Hairpin probe assembly. Further exemplary embodiments having aspects of the invention may eliminate separate capture and reporter portions of the probe assembly. FIGS. 15A-15C illustrate an example of a “hairpin” type probe assembly. In this example, the probe assembly comprises a co-linear polynucleotide strand 152 which includes a capture portion A′ (complementary to the target A of analyte strand 151) and a reporter portion, which may have one or more labels or other detection enhancement 154 (e.g., a fluorescent marker group) disposed on or adjacent any convenient place on the strand 152. In the example a marker 154 is shown in a mid-portion of stand 152, but it may be disposed alternatively, such as adjacent the 3′ end.
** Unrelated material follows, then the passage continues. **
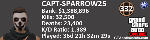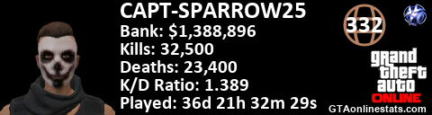 [URL=http://GTAonlinestats.com/showplayer/CAPT-SPARROW25][IMG]http://GTAonlinestats.com/signature/CAPT-SPARROW25/sig.png[/IMG][/URL]

As shown in FIG. 15A, strand 152 includes at least one addition portion A″ which has a degree of hybridization affinity such that portions A′ and A″ tend to self-hybridize (e.g., to form a hairpin-like configuration) when not in association with the target portion A of the template species 151 so as to be protected from degradation by the selected enzyme. In this example the hairpin form of strand 152 has a protruding 5′ end, thus being protected from an enzyme 146 (e.g. an endonuclease) requiring a duplex having a non-protruding 5′ terminus for initiation of activity.

As shown in FIG. 15B, when the probe strand 152 is associated with target strand 151, the affinity of A′ for the target A displaces the equilibrium to favor formation of a complex 150, in which the strand 152 is associated with strand 151 so as to have a non-protruding 5′ terminus, which is attacked by enzyme 146.

As shown in FIG. 15C, enzymatic degradation continues until shortened strand 152′ is released. Target 151 is then available for further amplification. In a multistage method, released strand 152′ may serve as a template for suitably configured amplifiers.

Having thus described a preferred embodiment and methods, it should be apparent to those skilled in the art that certain advantages have been achieved. It should also be appreciated that various modifications, adaptations, and alternative embodiments thereof may be made within the scope and spirit of the present invention.